In het AZ Alma in Eeklo, kon de familie Louis nog even spreken. “Tijdens dat gesprek vroeg hij nog of zijn CM wel betaald was en of ik tegen Ben, één van zijn beste vrienden, kon zeggen dat hij niet op de bespreking van zijn vrijgezellenavond ging zijn”, vertelt Ruth. Meteen daarna werd de Eeklonaar geopereerd. Die operatie werd het moment dat alles misliep. Waar de dokters eerst dachten dat het vooral breuken waren, was de situatie in realiteit veel ernstiger. “De dag erna kwam ik aan op de spoedafdeling. De dokters liepen rond met bloedzakjes. Eerst dachten we nog dat het niet voor Louis was, maar dat bleek wel zo te zijn.” De dokters hadden tijdens het plaatsen van een drain om de klaplong te behandelen, in de lever geprikt. Een medische blunder met grote gevolgen.

Een nieuwe uitdaging

In het UZ van Gent begon Clincke met een lange revalidatie. Na 379 dagen verliet Clincke pas het ziekenhuis. “Opeens werden de gemakkelijkste dingen, zoals een trap oplopen, een grote opdracht”, vertelt Clincke.
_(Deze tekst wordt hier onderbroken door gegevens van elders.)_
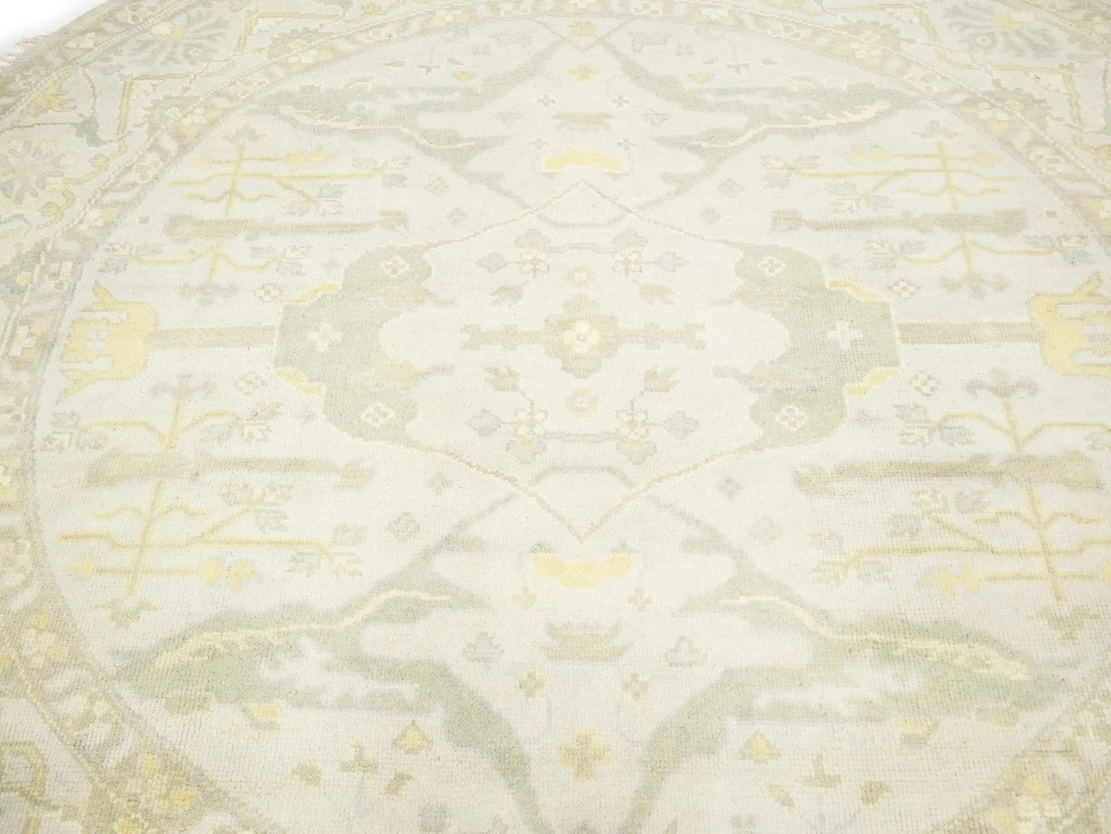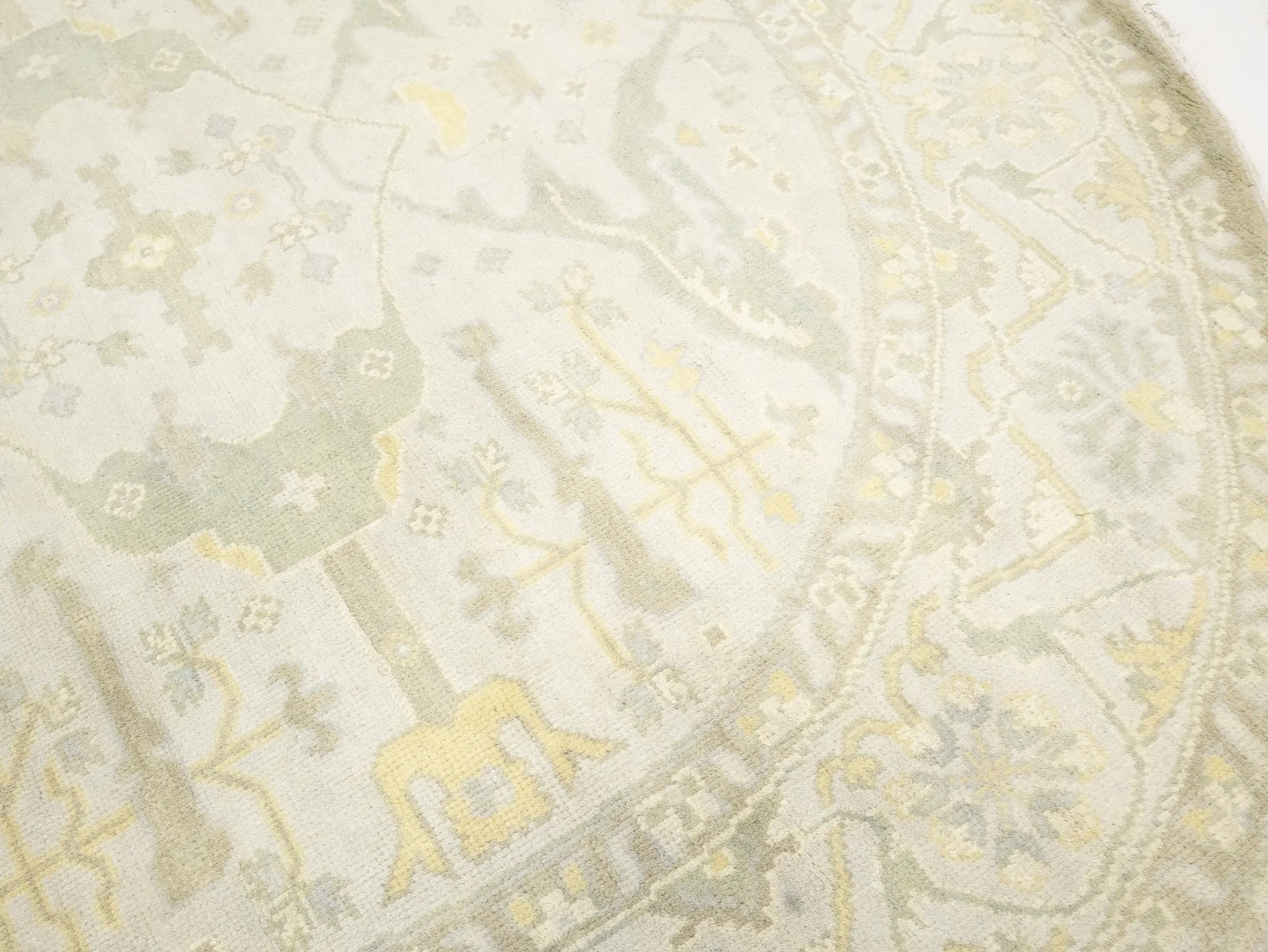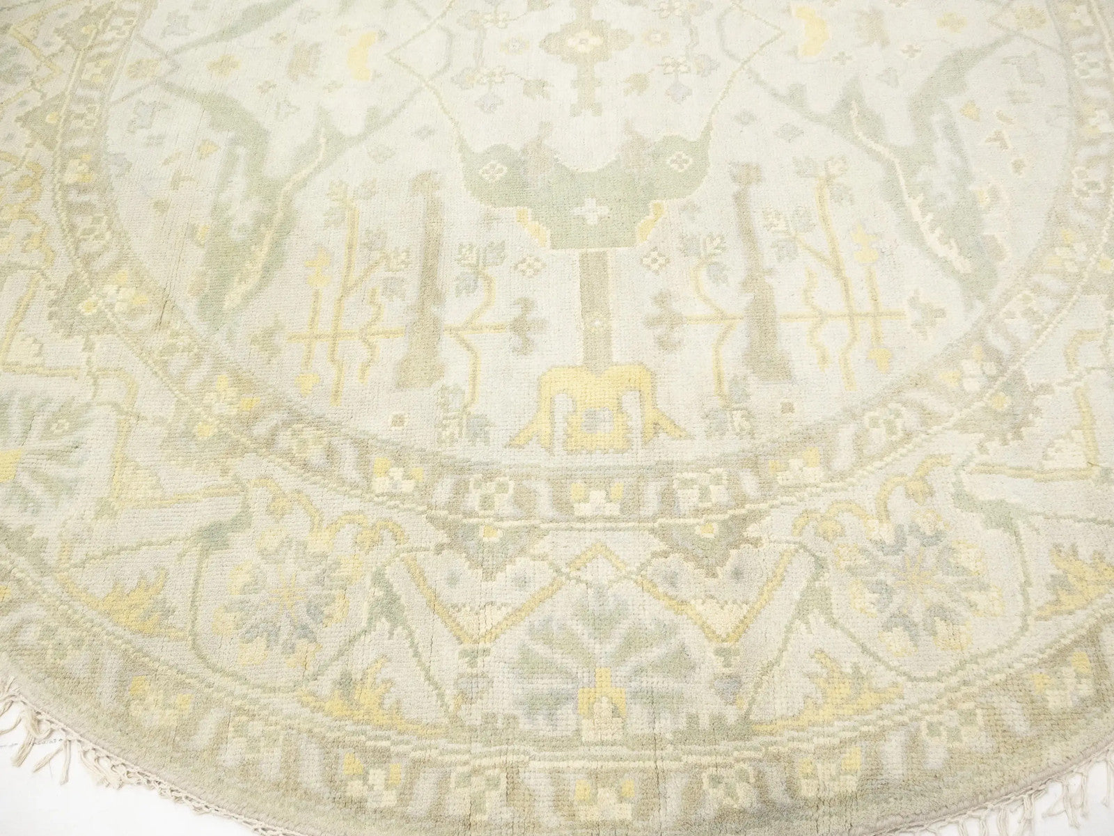 Hand-Knotted Cream Round Oushak Chobi Oriental
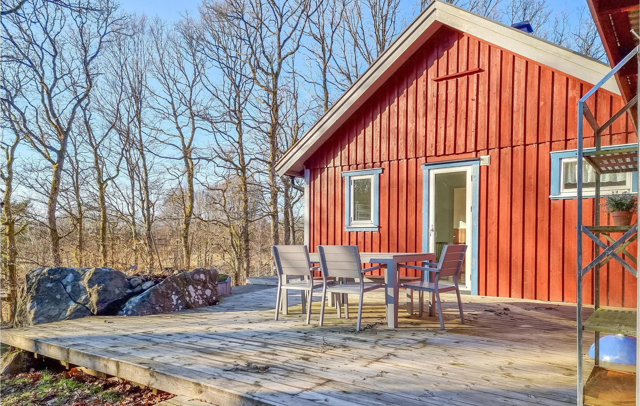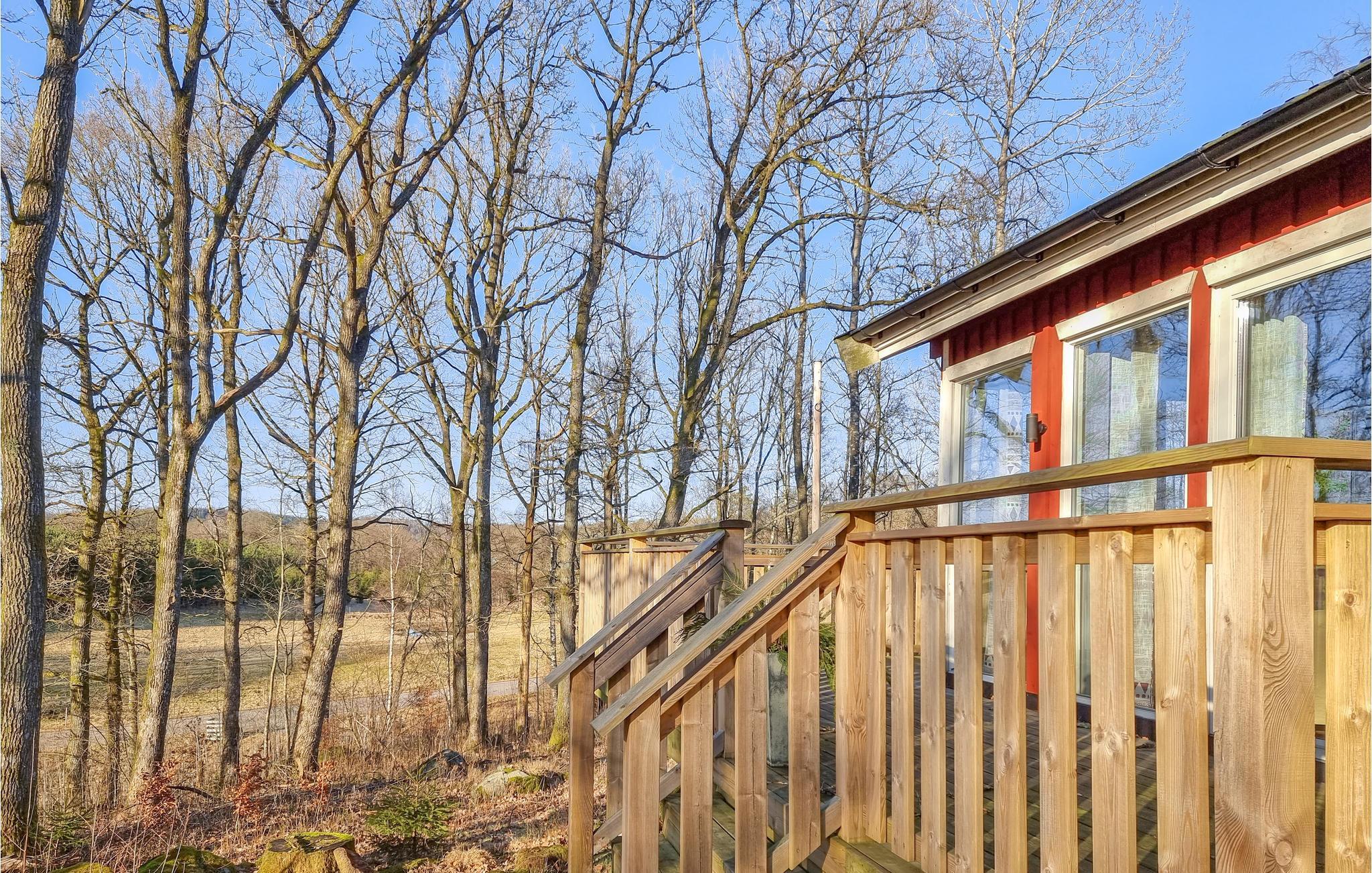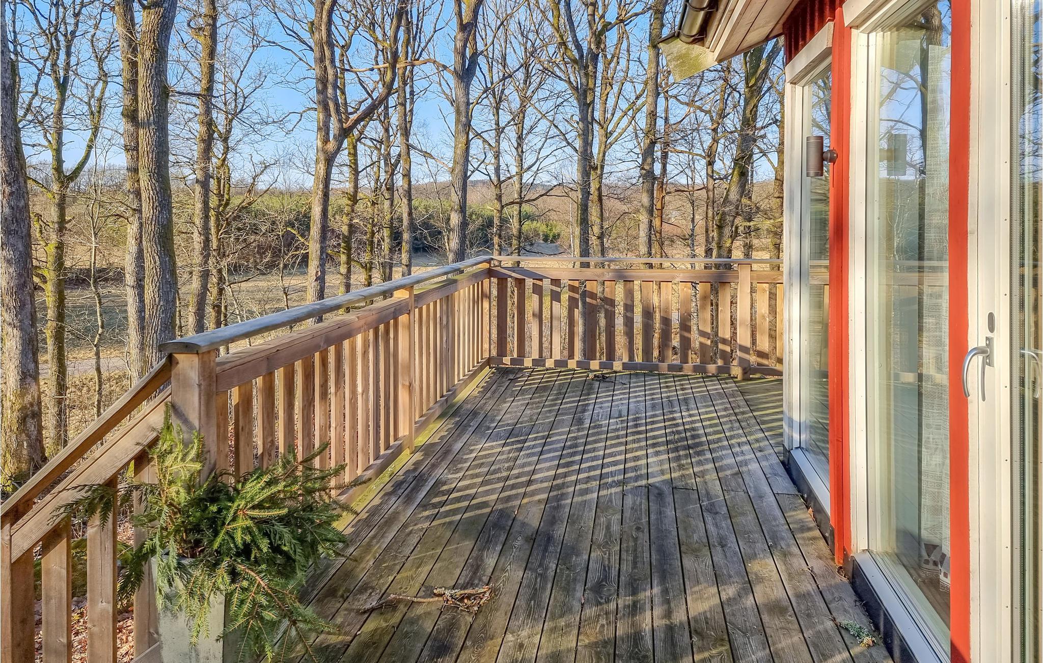 Herzlich Willkommen in diesem Haus mit der typisch roten Farbe und einladender Terrasse. Aufgrund der vielen großen Fenster ist die Unterkunft sehr hell und die Lage in der Natur lässt sich perfekt genießen. Auf dem Rundum-Balkon finden Sie fast zu jeder Tageszeit einen sonnigen Platz, auf dem Sie die frische Waldluft genießen können. Im Inneren sorgt der Kamin sorgt für wohlige Wärme. Das geräumige Wohnzimmer eignet sich perfekt für einen Spiele- oder Filmabend mit der ganzen Familie. Zum Essen können Sie bequem an der praktisch eingerichteten Essecke platznehmen und sich auch hier am Blick nach Außen ins Grün erfreuen.
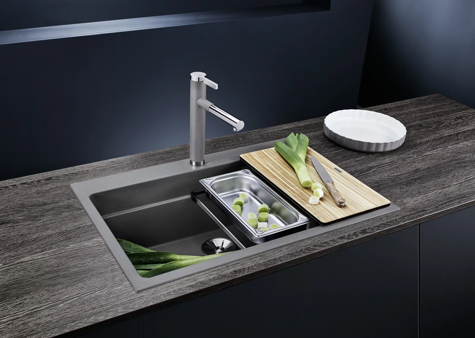 • Felülről történő beszerelés, elegáns, alacsony peremmel és egybefüggő csaptelepsávval.
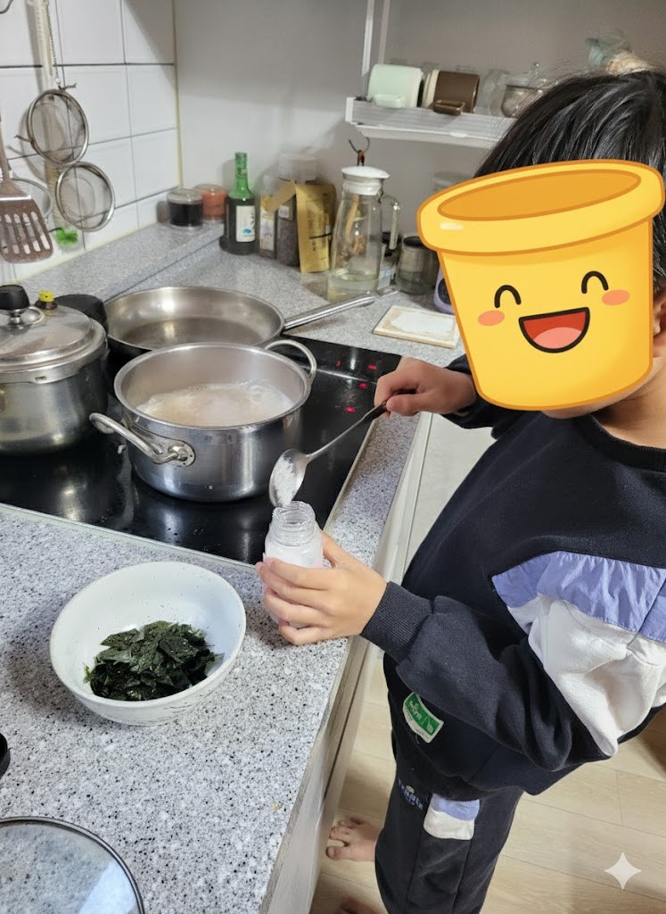 이어서 달걀을 푼다. 이것도 처음 해보는 아이한테 쉬운 일은 아니다. 달걀을 깨뜨리는 것부터 어렵다. 냄비 모서리에 달걀을 부딪쳐 금이 갔지만 잘 안 나온다. 두 손으로 힘을 주자, 안에 내용물이 조금 냄비 밖으로 튄다.
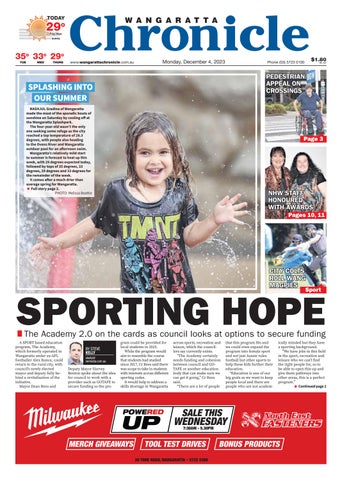 SPLASHING INTO OUR SUMMER NASHJUL Gradina of Wangaratta made the most of the sporadic bouts of sunshine on Saturday by cooling off at the Wangaratta Splashpark. The four-year-old wasn’t the only one seeking some refuge as the city reached a top temperature of 28.3 degrees, with people also heading to the Ovens River and Wangaratta outdoor pool for an afternoon swim. Wangaratta’s relatively mild start to summer is forecast to heat up this week, with 29 degrees expected today, followed by tops of 35 degrees, 33 degrees, 29 degrees and 33 degrees for the remainder of the week. It comes after a much drier than average spring for Wangaratta. ■ Full story page 2. PHOTO: Melissa Beattie
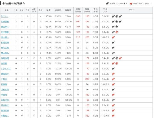 中山金杯の騎手別傾向

Clincke had na zijn revalidatie nood aan een nieuwe uitdaging: “Ik heb verschillende sporten uitgetest: tafel- en gewone tennis, zwemmen en lopen.” Maar door zijn ongeval was de bewegelijkheid in zijn handen niet zoals het hoorde. De verlamming in zijn rechteronderbeen maakte het zelfs onmogelijk om te lopen. Zo lukten vele sporten niet meer. Uiteindelijk besloot hij een fiets te kopen. “Die fiets is mijn redding geweest. Eindelijk kon ik weer sporten.”

Clincke bleek een begenadigd wielrenner te zijn en stopte prompt met zijn werk om zich volledig te richten op een wielercarrière. Hij pakte brons op het WK in Maniage. Zijn carrière begon op stoom te komen. Maar net wanneer alles op wieltjes begon te lopen voor Clincke, sloeg het noodlot opnieuw toe. In 2019 werd hij aangereden op training. “Opnieuw in diezelfde straat met dezelfde ambulanciers.”, herinnert Clincke zich. Hij hield er een gebroken elleboog, bekkenbreuk en hersenschudding aan over. Na een nieuwe revalidatie kreeg de wielrenner zware knielast, maar hij vocht terug.

Nieuw leven

Negen maanden later beviel zijn vrouw van hun kindje. Wat de mooiste dag van zijn leven moest worden, veranderde in een helse dag. Clincke kreeg blazen op de huid. Het verdict: het Steven-Johnson syndroom, een zeldzame huidaandoening. Hij vocht maar liefst zes keer tegen het syndroom. Keer op keer wist hij het te baas. Uiteindelijk kroop hij ook weer op de fiets.

Gisteren reed Clincke het WK in Zürich in de categorie C4. Een discipline voor renners met één of meerdere amputaties. Clincke leek zelfs in staat om een top tien resultaat te noteren, maar moest uiteindelijk nog opgeven. “Door de kletsnatte omstandigheden kreeg Louis steeds meer moeite om zijn handen te gebruiken. Remmen was veel moeilijker en hij zag ook iemand overkop gaan. Uiteindelijk had hij er genoeg van”, zegt Lien, zijn vrouw. Ondanks een minder resultaat, blijft Clincke voor zijn omgeving een held.